▸ **WHAT NEEDS TO BE DONE**: In the data below, find the line containing "Introducing the Represent"; transcribe it and each line after it exactly, through the last, skipping pictures.

─── GIVEN DATA ───

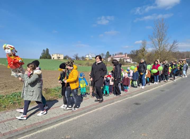 Uczniowie naszej szkoły wzięli udział w tradycyjnym spacerze z Marzanną, przygotowaną przez przedszkolaki. Spacer miał na celu powitanie wiosny oraz odesłanie zimy. Wydarzenie było okazją do integracji i wspólnej zabawy. Podczas spaceru uczniowie mieli okazję podziwiać pierwsze oznaki wiosny, takie jak kwitnące kwiaty i śpiewające ptaki. Najważniejszym momentem spaceru było symboliczne pożegnanie z zimą i powitanie wiosny.
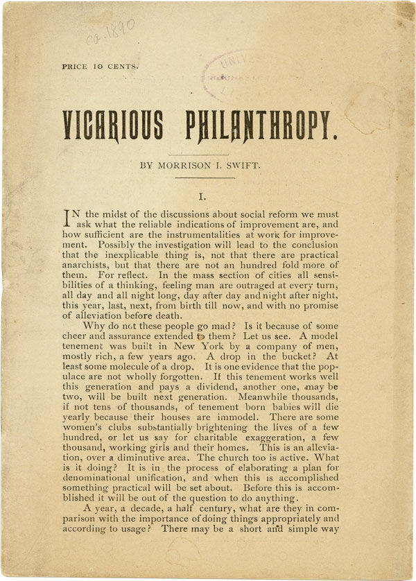 N.p., N.d., but ca. 1890. Small octavo (19.5cm.); sewn pamphlet; printed self-wraps; 24pp. Front cover soiled, with faint institutional hand-stamp; text clean and unmarked. An early work by the prominent Anarchist, utopian novelist, and eugenicist; a criticism of top-down social reform measures, encouraging would-be philanthropists to "repent of their crimes against the toilers...withdraw from corrupting alliances with caste and cultivation, and .. become Socialists, Anarchists, revolutionists." No date, but mentions the University Settlement of New York (founded in 1886) as "embryonic.
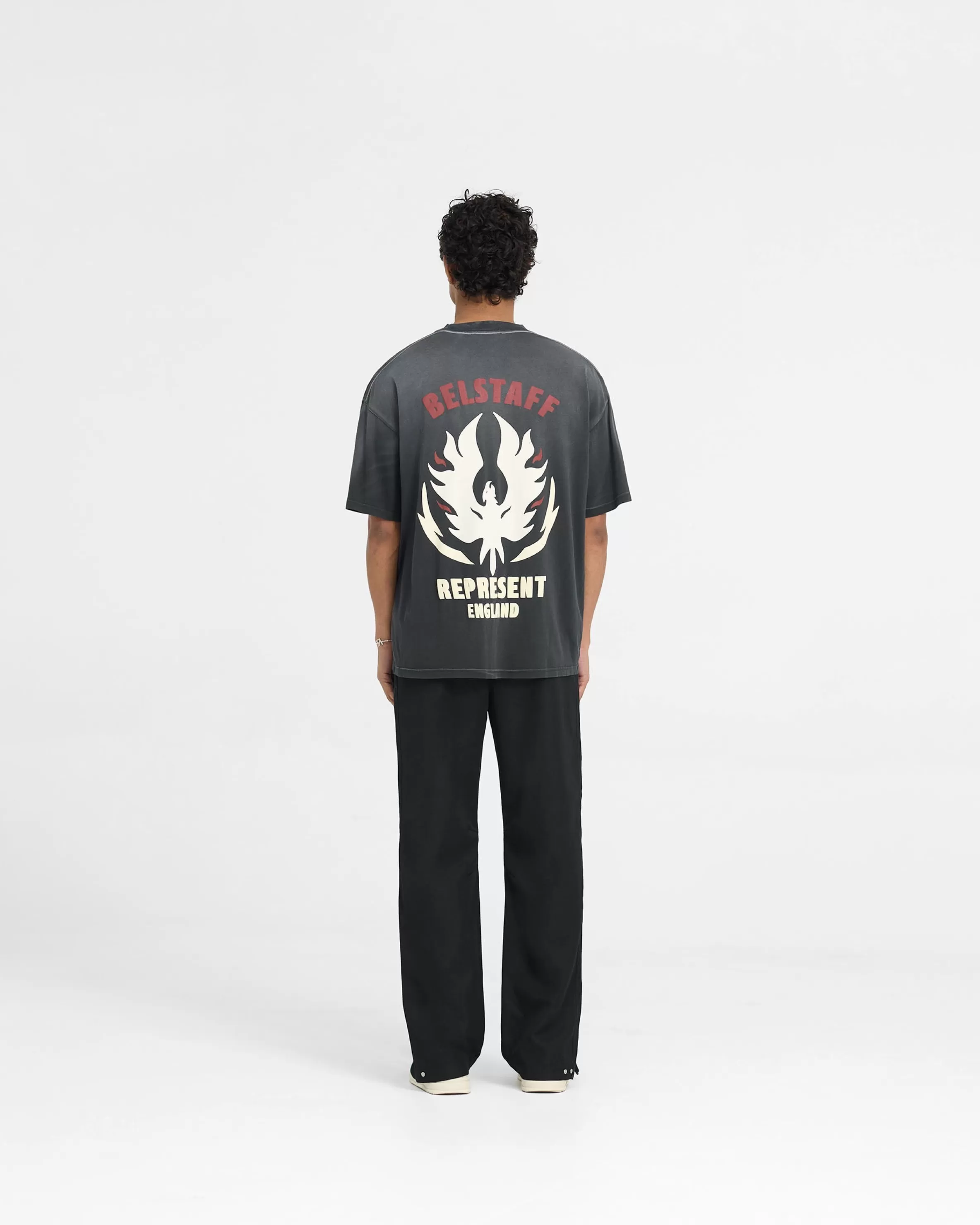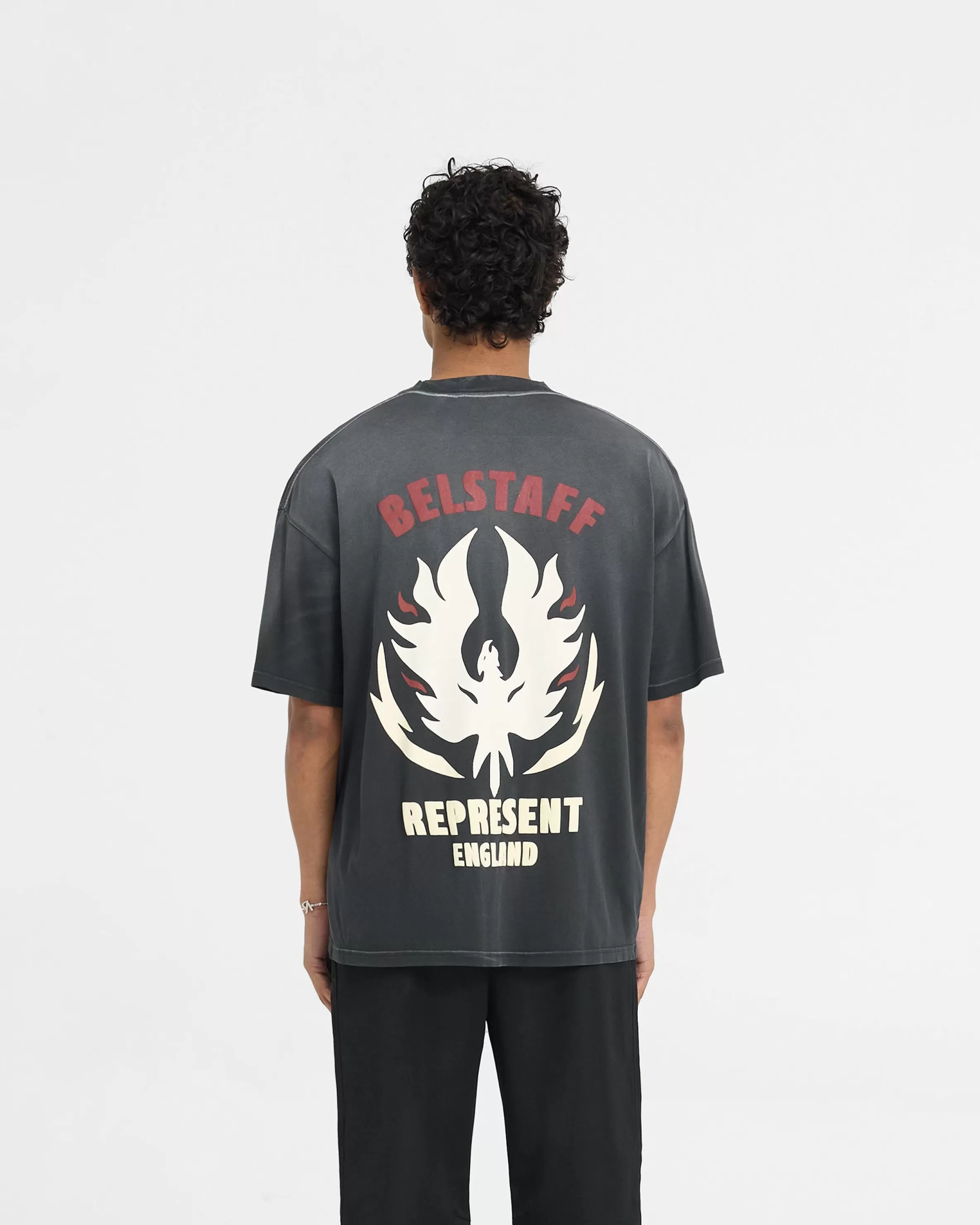 Introducing the Represent x Belstaff Flame Phoenix T-Shirt in Shadow, a luxury oversized and medium weight t-shirt, buil…
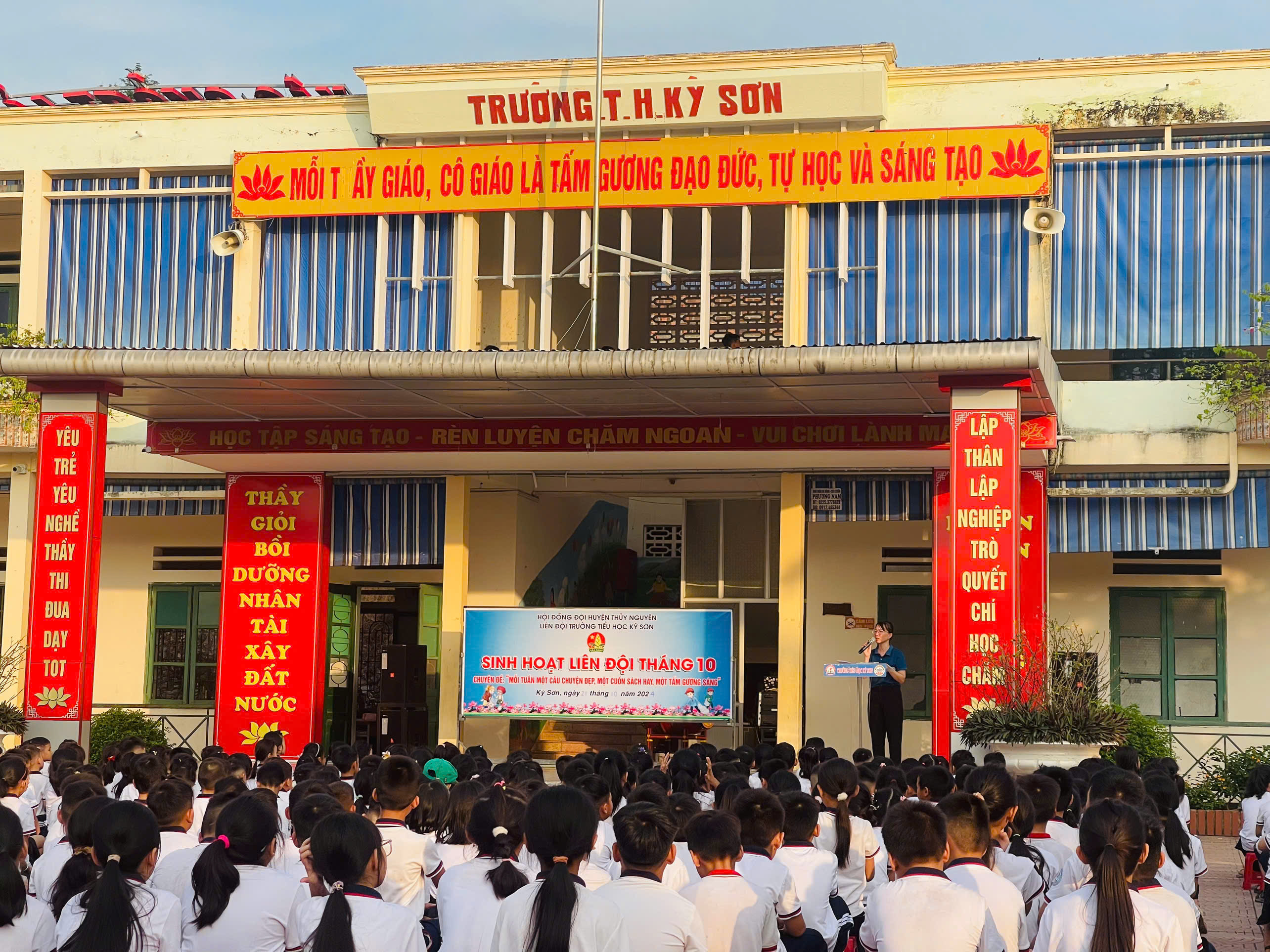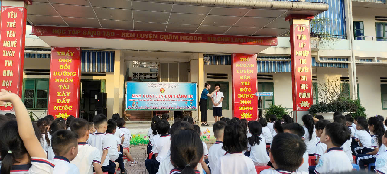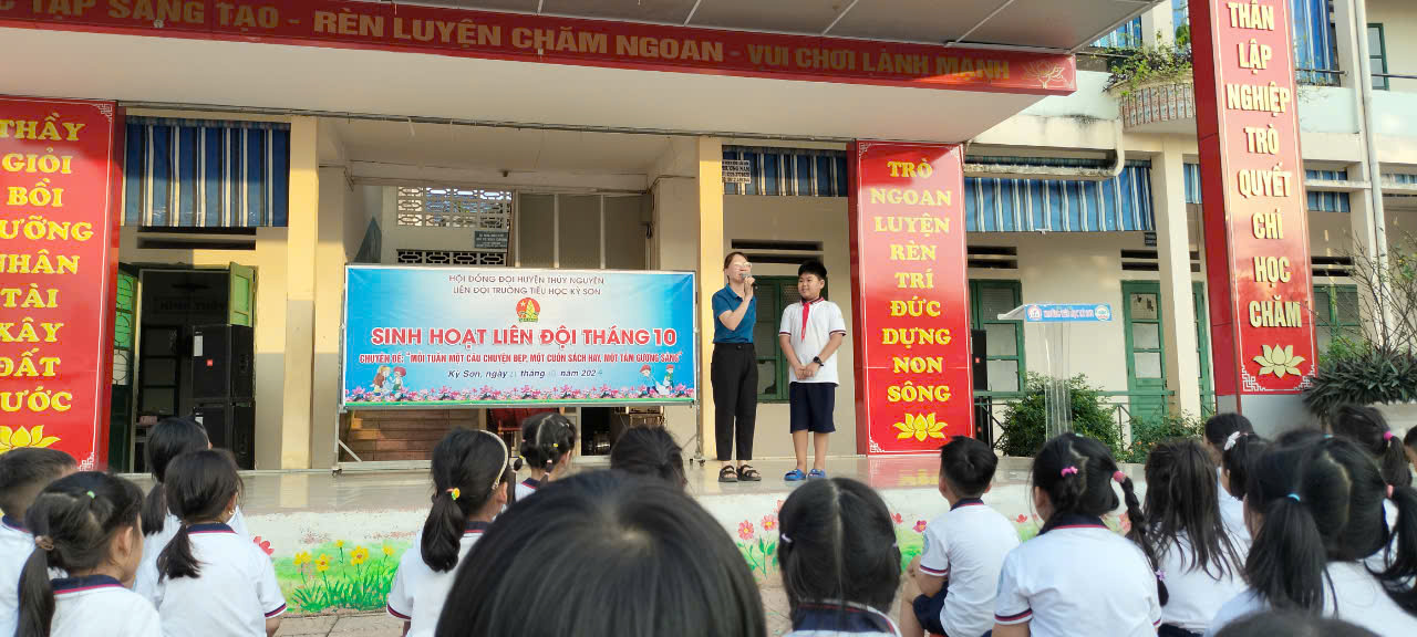 Ngày 21/10/2024 Liên Đội trường TH Kỳ Sơn tổ chức tiết sinh hoạt Liên Đội tháng 10 với chủ đề: " Truyền thống quê hương em chào mừng 76 năm Thủy Nguyên quật khởi 25/10".

───

▸ **REPLY**:
 Introducing the Represent x Belstaff Flame Phoenix T-Shirt in Shadow, a luxury oversized and medium weight t-shirt, buil…
 Ngày 21/10/2024 Liên Đội trường TH Kỳ Sơn tổ chức tiết sinh hoạt Liên Đội tháng 10 với chủ đề: " Truyền thống quê hương em chào mừng 76 năm Thủy Nguyên quật khởi 25/10".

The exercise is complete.